> WHAT IS BEING ASKED:
Only the text should be kept: print every entry below exactly and leave each image out.

(Dataset excerpts)
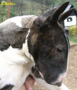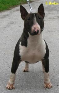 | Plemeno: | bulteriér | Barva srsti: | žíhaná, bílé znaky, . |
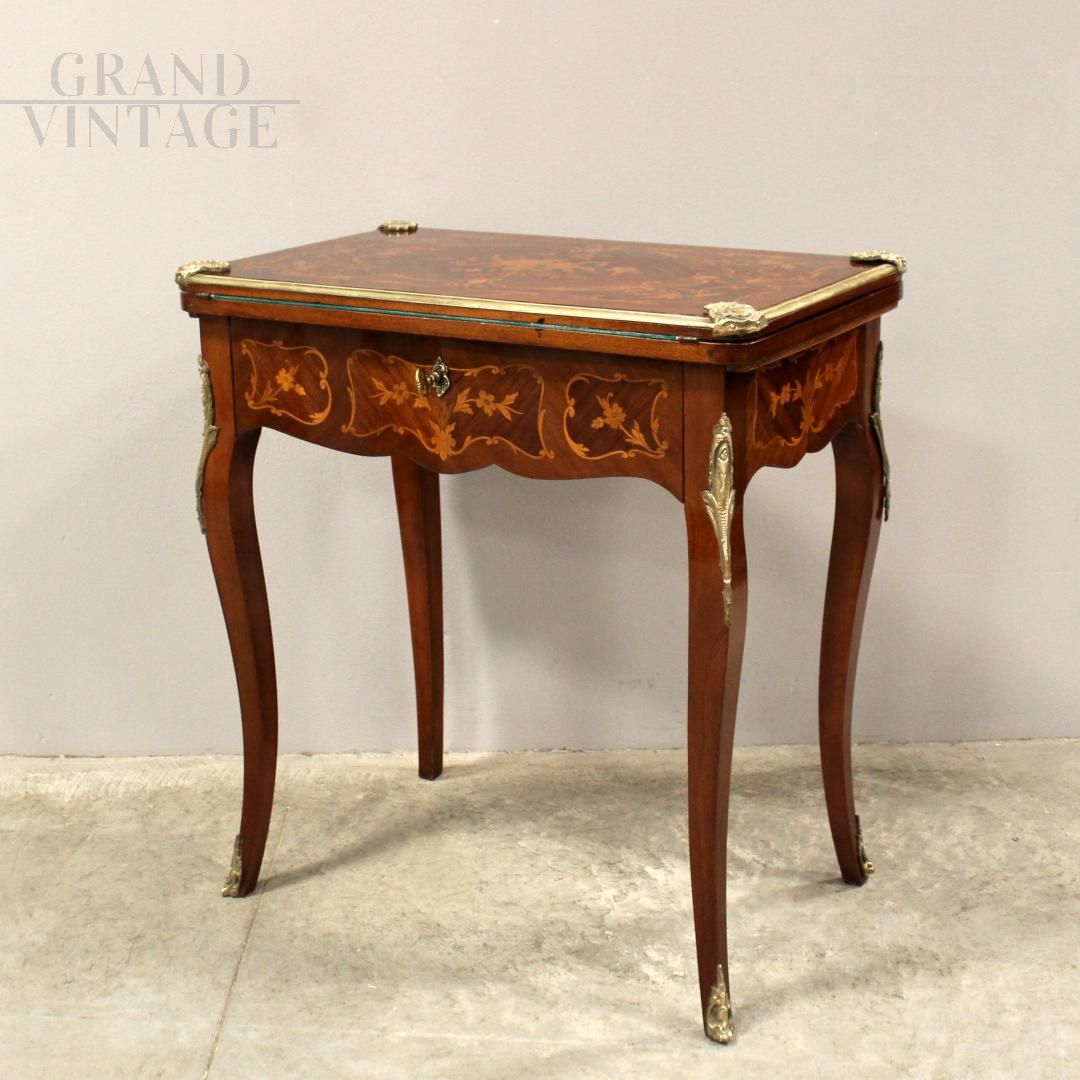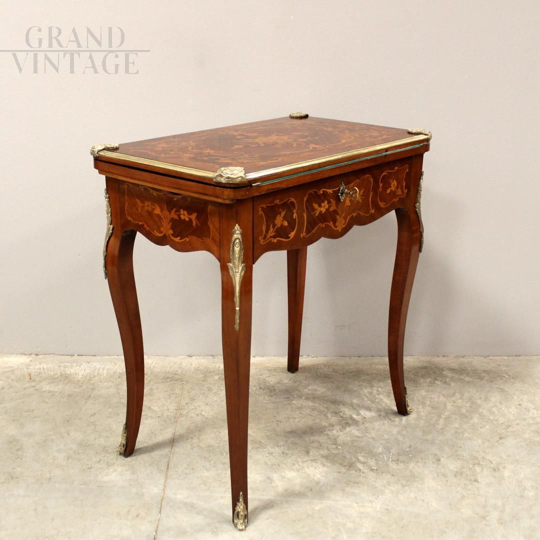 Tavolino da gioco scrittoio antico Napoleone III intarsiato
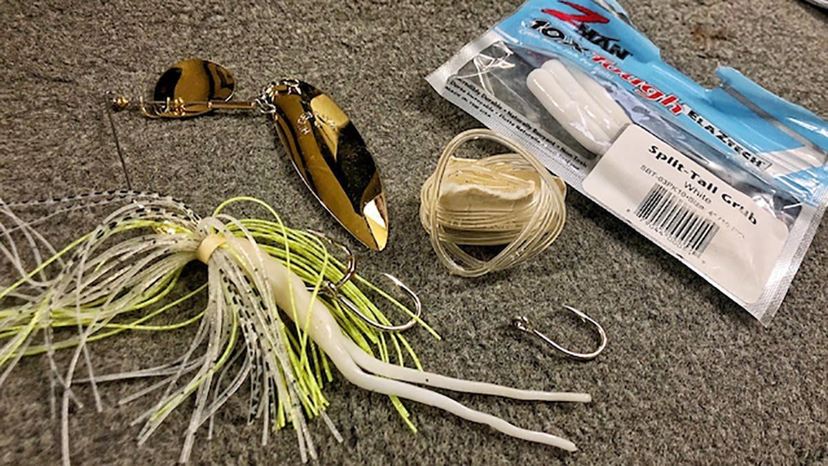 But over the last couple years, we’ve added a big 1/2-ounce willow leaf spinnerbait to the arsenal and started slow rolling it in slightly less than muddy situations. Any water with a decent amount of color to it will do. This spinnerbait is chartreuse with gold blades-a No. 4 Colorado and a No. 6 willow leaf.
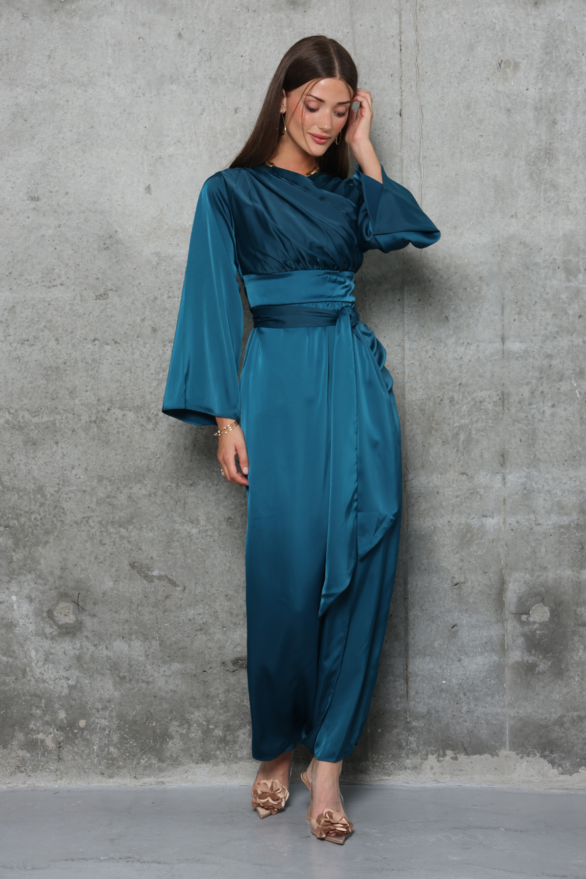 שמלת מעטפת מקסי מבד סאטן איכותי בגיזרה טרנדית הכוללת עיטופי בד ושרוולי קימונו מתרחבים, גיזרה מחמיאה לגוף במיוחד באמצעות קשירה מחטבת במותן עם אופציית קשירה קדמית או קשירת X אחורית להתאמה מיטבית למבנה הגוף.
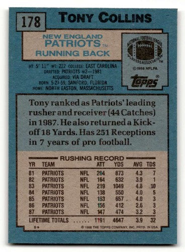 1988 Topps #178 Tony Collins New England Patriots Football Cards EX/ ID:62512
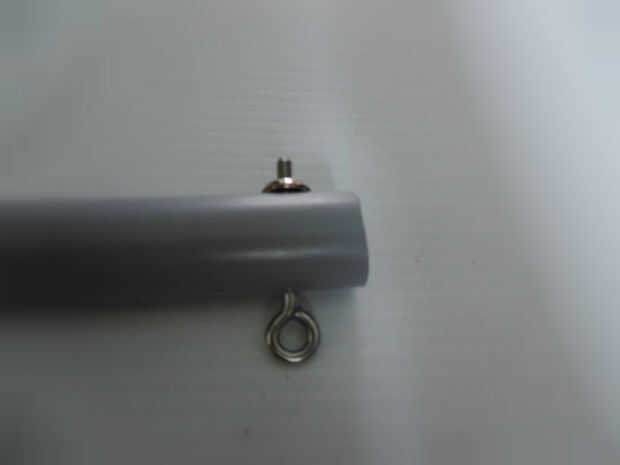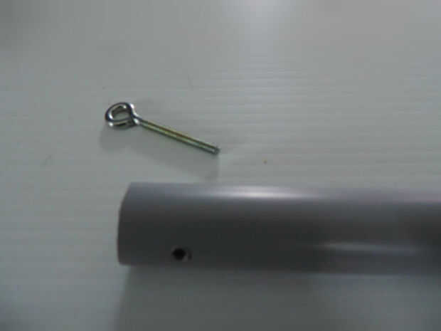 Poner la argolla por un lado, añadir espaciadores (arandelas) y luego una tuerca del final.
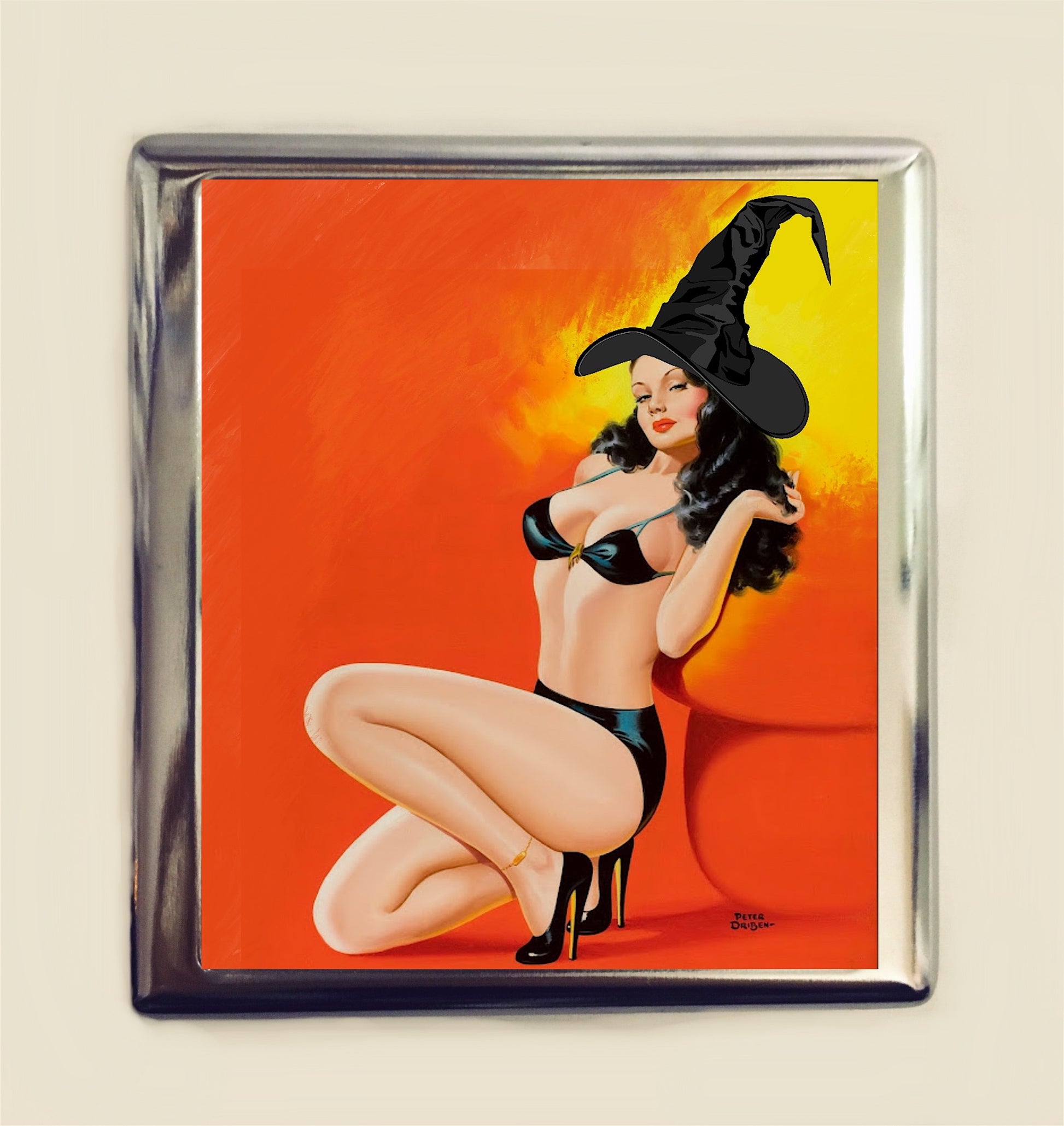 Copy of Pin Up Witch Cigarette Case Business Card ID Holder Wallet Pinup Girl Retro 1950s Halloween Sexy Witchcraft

> ANSWER TO THIS EXERCISE:
 | Plemeno: | bulteriér | Barva srsti: | žíhaná, bílé znaky, . |
 Tavolino da gioco scrittoio antico Napoleone III intarsiato
 But over the last couple years, we’ve added a big 1/2-ounce willow leaf spinnerbait to the arsenal and started slow rolling it in slightly less than muddy situations. Any water with a decent amount of color to it will do. This spinnerbait is chartreuse with gold blades-a No. 4 Colorado and a No. 6 willow leaf.
 שמלת מעטפת מקסי מבד סאטן איכותי בגיזרה טרנדית הכוללת עיטופי בד ושרוולי קימונו מתרחבים, גיזרה מחמיאה לגוף במיוחד באמצעות קשירה מחטבת במותן עם אופציית קשירה קדמית או קשירת X אחורית להתאמה מיטבית למבנה הגוף.
 1988 Topps #178 Tony Collins New England Patriots Football Cards EX/ ID:62512
 Poner la argolla por un lado, añadir espaciadores (arandelas) y luego una tuerca del final.
 Copy of Pin Up Witch Cigarette Case Business Card ID Holder Wallet Pinup Girl Retro 1950s Halloween Sexy Witchcraft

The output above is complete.